# Architecture for the Poor



## hkskyline (Sep 13, 2002)

*Poor people, poor homes *
We are told that good mass housing is not a question of aesthetics or style. What a lot of rot
Jonathan Glancey
Wednesday February 8, 2006
The Guardian

It's official. There is one architecture for those with the freedom to choose, another for those for whom a roof over their heads is a matter of all but choiceless necessity. The debate over quality, or lack of it, in the development of mass housing in sweeping tracts of southern England has been fuelled by Cabe, the government's Commission for Architecture and the Built Environment. Its chief executive, Richard Simmons, wrote in the Guardian: "Our challenge is to create the kind of neighbourhoods that people will want to live in. This is not a question of aesthetics or style."

Oh yes it is. I would have thought that Simmons's job was to champion the way buildings and the "built environment" look. However, as he was referring to new housing estates, or "sustainable communities" in New Labour-speak, in the Thames Gateway, a tragic fiction of a non-place in the profitable making, I suppose we must learn to forgive him.

For this stretch of sopping, strangely beautiful land along the banks of the Thames has become the dumping ground of crass new housing for poor people, many of them migrants, employed to clean up the costly messes we make in our homes, offices and public lavatories, and to stick expensive tickets on the windscreens of our cars.
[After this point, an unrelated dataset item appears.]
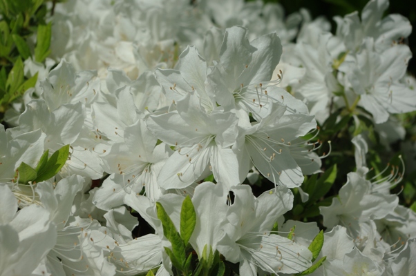 赤とピンクと、この白い花のツツジが咲いています。ミツバチさんの邪魔をしない様にそっと写真を撮ってみました。

This is a no-go area for such trivial things as aesthetics, civility or style.

Such foppish concerns should surely be left to the educated, affluent middle classes. Let them choose beautifully designed homes in effete Edinburgh, bathetic Bath or the languorous squares of Kensington or Pimlico. No-nonsense Thames Gateway folk deserve something different: architecture and planning innocent of aesthetics, stripped of style. Given that many of them will have come from some of the poorest towns and villages in the world, why should they care about the way their houses or the buildings around them look?

In any case, the vibrant, accessible - and not forgetting sustainable - "environment" they will live in is all about "delivering" tens of thousands of new homes as free from architecture as possible. To date there is not a single decent new housing development in what the government, and those in hock to it, insists on calling the Thames Gateway. There are few trains or schools or anywhere to go - but that's another story.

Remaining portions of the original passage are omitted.